Most California towns are trying to dodge the rule, but “affordable housing” forces have the power of law and Governor Gavin Newsom’s ear. Cui bono? Realtors, the building trades, and chambers of commerce are all-in for the measure. Affordable housing is not what rental-property investors want to build or own. In fact, no taxpayers seek Section 8 rental housing nearby except HUD-enabled slumlords and contractors.
Tony suburbs are trying to create roadblocks. Palo Alto for Sensible Zoning, Better Cupertino, Good Growth San Carlos, and Orinda Watch are just a few of the groups that want to hand control over land use back to local governments. Devices proposed to get around SB9 are no doubt ingenious. No new water meters is one favorite stopper. Detailed aesthetic requirements for new buildings are another — not too big, tall or small. Other locales claim historic exemption or fire risk.
The rich can buy open space and privacy. In desirable but packed-tight middle-class vicinities, SB9 pits neighbor against neighbor. Tidy neighborhoods on small “tract” lots already suffer crowding and congestion. Mega-trucks park on narrow residential streets and recreational vehicles sit in driveways. Garages are repurposed for god-knows-what. Now what happens when the up-yours neighbor builds four units on a split lot next door? Redondo Beach, Torrance, Carson and Whittier — four of California’s remaining “middle-income” cities inside the Los Angeles metropolis — are taking the state to court for relief.
From Mendocino to La Jolla, primo real estate commands astronomical sums, as the super-rich distance themselves from crowding and danger with private security at their disposal. In affluent professional areas like Pasadena and Pacific Palisades that were homeless-free pre-Covid, criminals and homeless have arrived. They wander aimlessly on commercial avenues, stopping here and there to go through the trash. There is no point in complaining to authorities.
When angry San Franciscans say, put the junkies and vagrants on buses with one-way tickets, they rarely think where to. After the 2008 housing bust, inland towns like Stockton, Modesto, and Vallejo became human dumping grounds, a relocation encouraged by Bay Area welfare and housing officials. Section 8 portability allowed indigents and near-homeless with vouchers to keep their benefits and move to cheaper housing. Similar dispersions occur in many states.
The blue states and their vote-rich municipal cores are in peril. Should austerity and inflation cramp the private sector during the 2020s, employed voters will not pay higher taxes so that bureaucrats can enjoy lifetime tenure and secure pensions. They will not recklessly fund a public complex of dependency, mixed with sub-par services and public disinvestment. Law-abiding Americans will not put up with unrelieved danger.
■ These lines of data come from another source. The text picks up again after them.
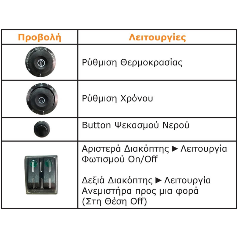- Με ένα μοτέρ και διακόπτες για ρύθμιση θερμοκρασίας και χρόνου.
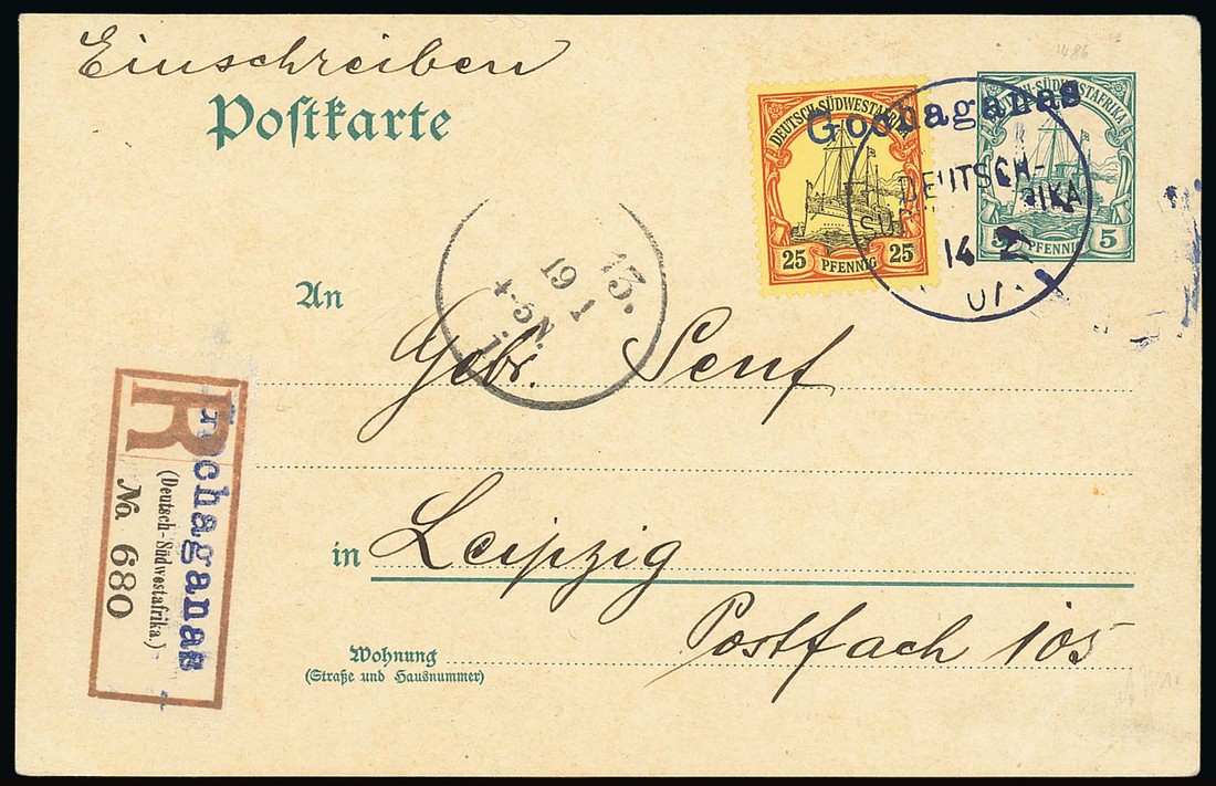 Gochaganas: 1907 (14 Feb.) 5pf. postal stationery card, additionally franked 25pf., registered to Leipzig, with single blue datestamp and "Gochaganas", another strike of the registration etiquette; fine and rare. Putzel A1 and illustrated on page 53 of the handbook. Photo
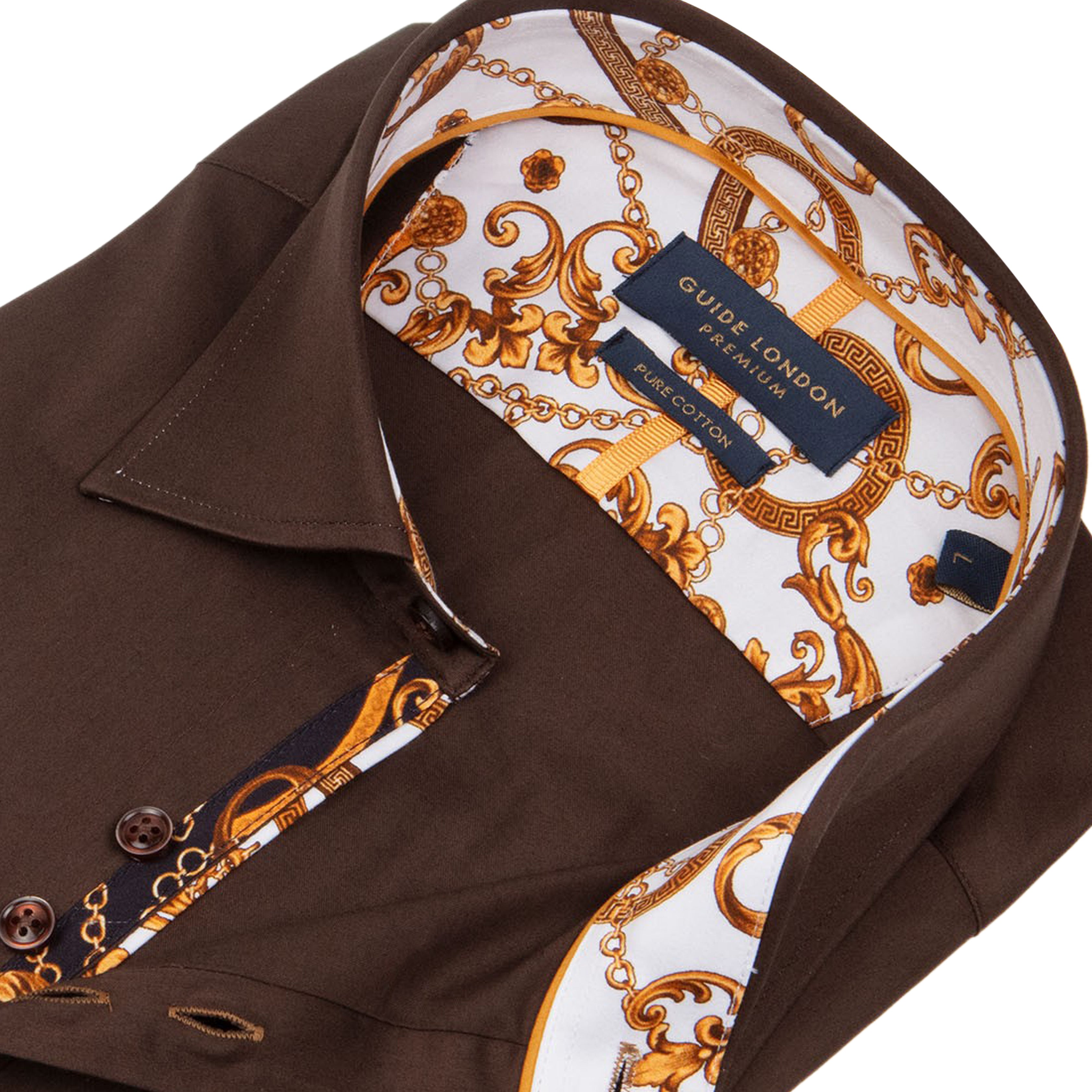 Crafted with meticulous attention to quality and design, this shirt boasts a rich and earthy brown colour that exudes warmth and sophistication. The 100% cotton fabric ensures a soft and breathable feel against your skin, making it perfect for all-day wear.

As psychologist Jonathan Haidt recently observed, social media has compounded splintering and division, and done so by education, assets, political views, and custom. “When citizens lose trust in elected leaders, health authorities, the courts, the police, universities, and the integrity of elections,” Haidt says, the “shattering of all that was solid” redoubles popular effort to find residual expressions of kinship and consensus. The winners are places rich in what Haidt has called “moral cohesion.”
The hunger for trust is provoking short- and long-haul migrations of people and capital. Try as it might, the coercive left cannot staunch flows of enterprise or rescind reserved local powers that curb its own power. The search for economic and civil security is animating America’s future. The flight from dysfunctional America shows no signs of slowing.